• WORK REQUEST: In the records below, find the line containing "Sudadera con estampado", then copy that line and all lines after it, exactly, omitting every picture.

Source data:
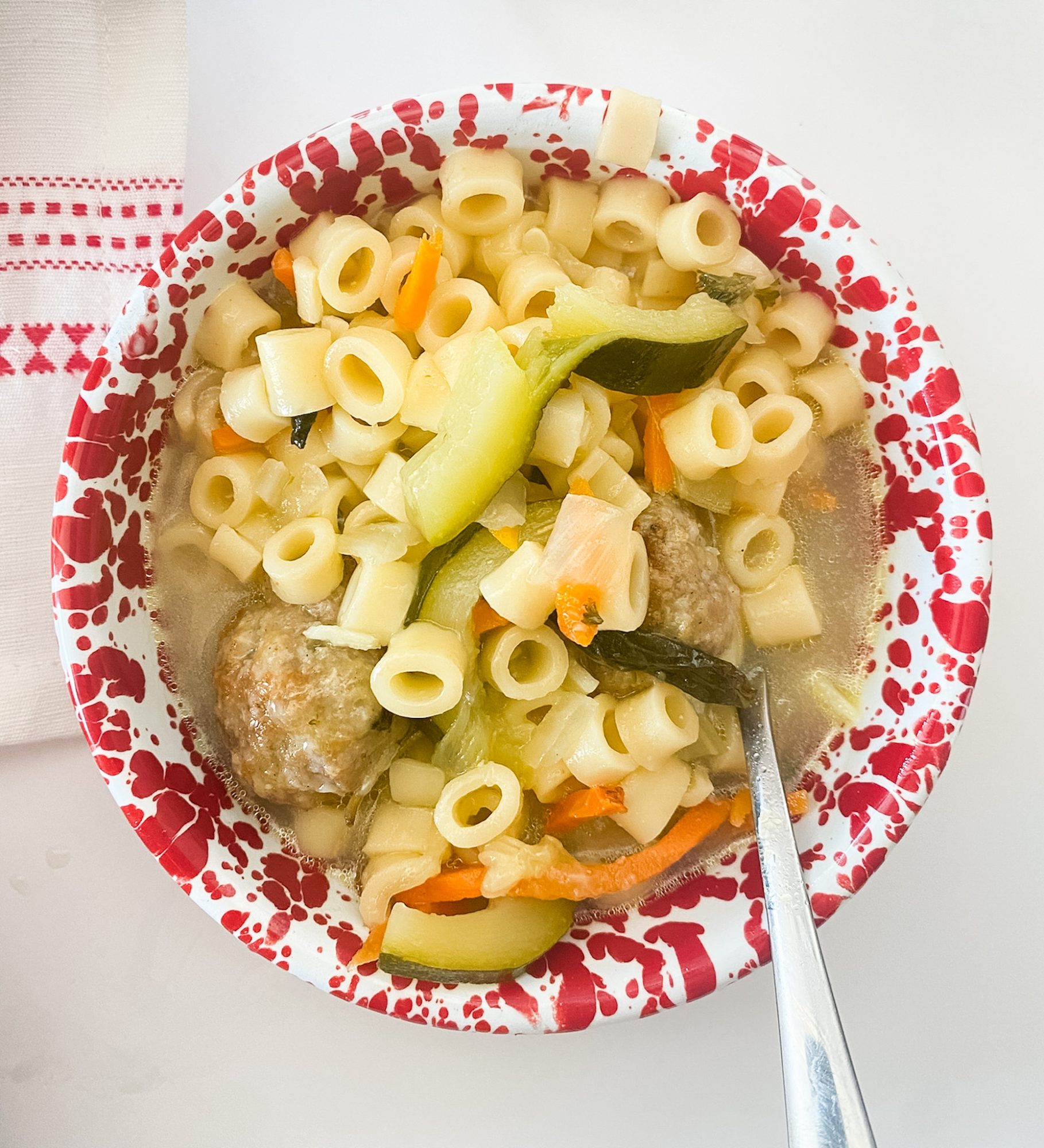 Whisk in chicken stock and bay leaves; bring to a boil. Stir in pasta, zucchini, and meatballs; reduce heat and simmer until pasta and zucchini are tender and meatballs are cooked through, about 10-12 minutes.
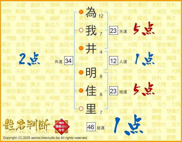 為(12画)我(7画)井(4画) 明(8画)佳(8画)里(7画)
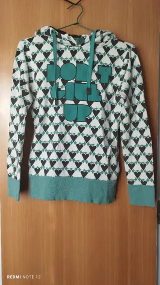 Sudadera con estampado de corazones y detalle en el pecho. - Blanco, verde y marrón. - Cordones ajustables en la capucha. - Puños y bajo elásticos. - Tiene alguna bolita (en la sisa), pero está perfecta. - 95% algodón+ 5% elastano
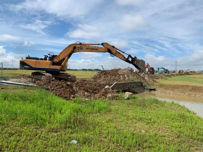 | UBND huyện Nghi Lộc và doanh nghiệp đang thi công các hạng mục của dự án Khu công nghiệp WHA. Ảnh: HOA LÊ |
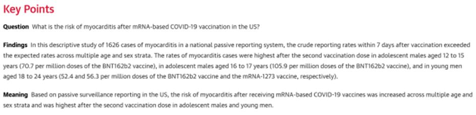 この研究では、CDCのVAERS報告システムから得られたデータを使用し、CDCの心筋炎の定義に準拠していることを確認した。また、VAERSシステムの受動的な性質を考慮すると、報告された事故件数は現象の範囲を過小評価する可能性があることを指摘している。(蛇足:つまり、100倍台ではなく、1万倍くらいはリスクが上がっていると疑われる?とすると接種者の1%くらいに何らかのダメージが、、)

• WRITTEN ANSWER:
 Sudadera con estampado de corazones y detalle en el pecho. - Blanco, verde y marrón. - Cordones ajustables en la capucha. - Puños y bajo elásticos. - Tiene alguna bolita (en la sisa), pero está perfecta. - 95% algodón+ 5% elastano
 | UBND huyện Nghi Lộc và doanh nghiệp đang thi công các hạng mục của dự án Khu công nghiệp WHA. Ảnh: HOA LÊ |
 この研究では、CDCのVAERS報告システムから得られたデータを使用し、CDCの心筋炎の定義に準拠していることを確認した。また、VAERSシステムの受動的な性質を考慮すると、報告された事故件数は現象の範囲を過小評価する可能性があることを指摘している。(蛇足:つまり、100倍台ではなく、1万倍くらいはリスクが上がっていると疑われる?とすると接種者の1%くらいに何らかのダメージが、、)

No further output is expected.